I've got the Infosphere CDC environment from DB2LUW to Microsoft SQL Server.
Because we had the disk space issue, we needed to filter replication; selected data will be replicated By Date column.
The source table insertion mode is APPEND, which rarely updates. During the creation of the subscription Filtering tab, when I run the verify button it returns an error like the below.
BUSINESS_DATE column data type is TIMESTAMP(0).
Error message details :
cannot parse expression : BUSINESS_DATE > '2017-12-18 00:00:00.0"
Cannot return as a date
I've read the documentation, but I cannot understand it, and there is no sample expression that fulfills my scenario. I am not sure why CDC cannot perform filtering using the timestamp data type column.
When I try to convert my timestamp column into char format, then CDC finds it is valid:
%TOCHARFORMAT(BUSINESS_DATE,'yyyy.MM.dd HH:mm:ss') > '2017.12.18 00:00:00'
%TOCHARFORMAT(BUSINESS_DATE,'yyyyMMdd') > '20171218'
As I don't have any development environment, I'm not convinced enough to run it.
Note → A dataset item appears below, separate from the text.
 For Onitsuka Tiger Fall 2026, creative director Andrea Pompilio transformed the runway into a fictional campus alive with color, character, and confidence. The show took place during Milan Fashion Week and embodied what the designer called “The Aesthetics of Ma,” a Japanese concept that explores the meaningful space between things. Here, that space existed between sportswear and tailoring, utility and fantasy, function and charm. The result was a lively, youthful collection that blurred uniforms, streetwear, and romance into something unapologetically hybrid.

I expect some performance issues, sinces every row of (business_date) will need to be converted in the first place, before comparing to the filtering condition.
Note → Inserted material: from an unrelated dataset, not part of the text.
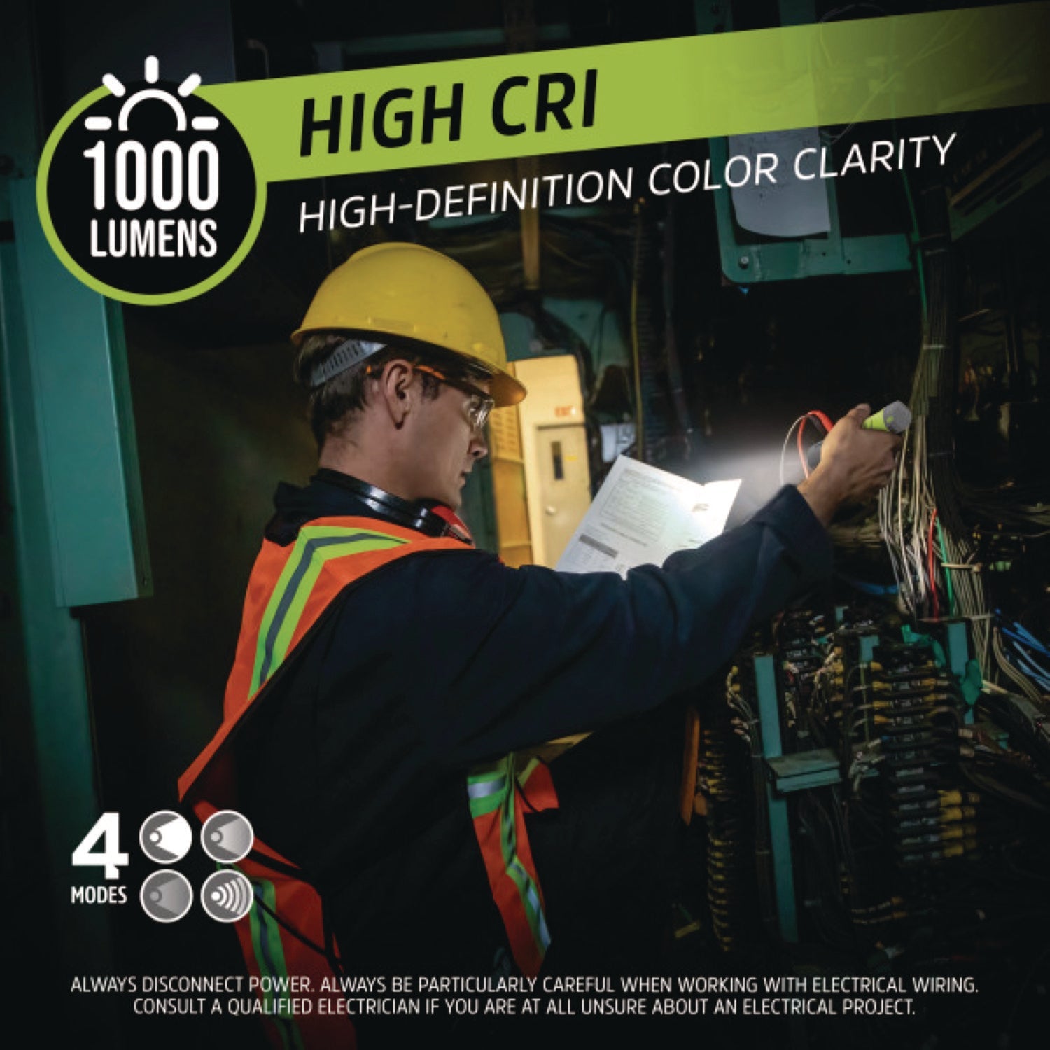 Pro Series Handheld High CRI Flashlight, Rechargeable Lithium Ion/6 AAA Batteries Included, Gray/Green

At the end, my table mapping is filtered by another column (bigint data type). I'm just curious why the refresh process does not seem to be using any index for filtering rows (the query that CDC runs in the source database is not using any filter), although it helps to accelerate the refreshing, because not every data will need to be inserted to the target table.
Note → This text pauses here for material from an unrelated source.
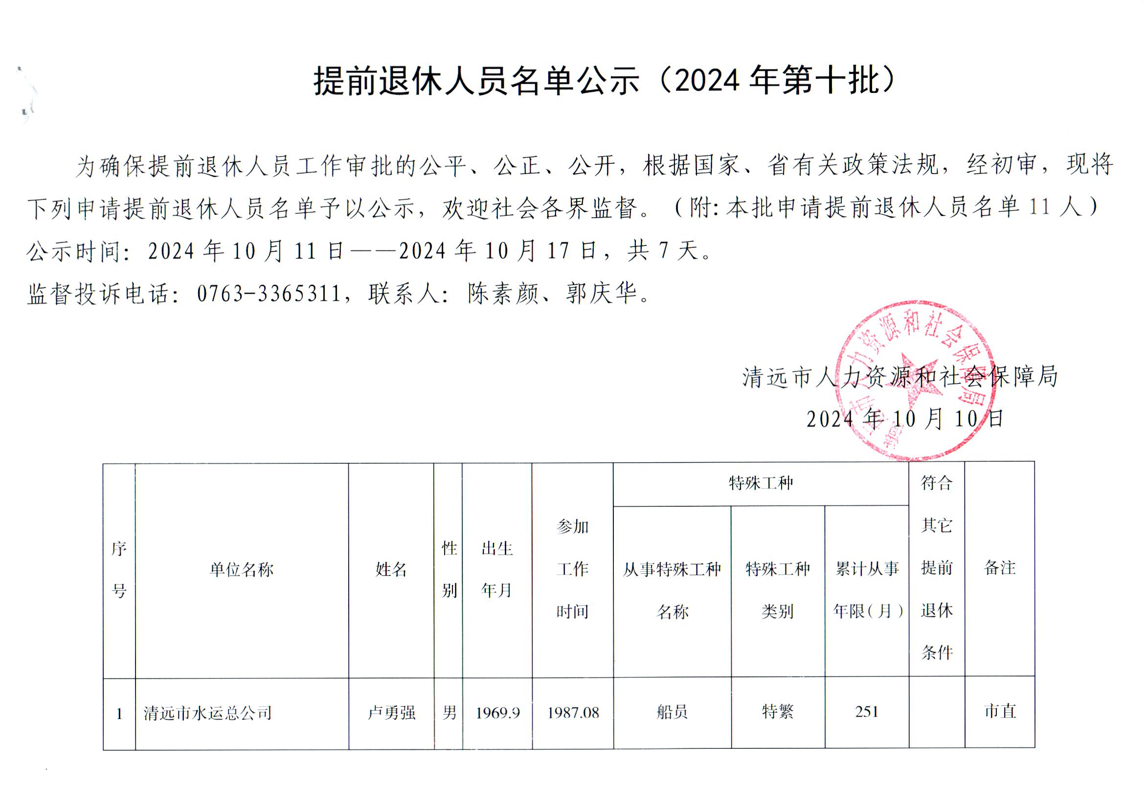 提前退休人員名單公示(2024年第十批)

Can CDC perform filtering using the timestamp data type column? Any suggestions?
I think the problem with your original filter expression was that the literal was evaluated as a character data type. I suppose you cannot perform comparisons between different data types by doing some casting.
Regarding the refresh, CDC always performs a full table scan. I imagine the reason is that the row filtering could include tests that cannot be supported by any sort of SQL where clause, including user exits and journal control columns and because when it is scraping the transaction log, it is not using any filtering supplied by the database, so this avoids any issues where there is a mismatch between filtering logic in the refresh and in mirroring, which could occur if refresh used a database filter and mirroring used a native filter.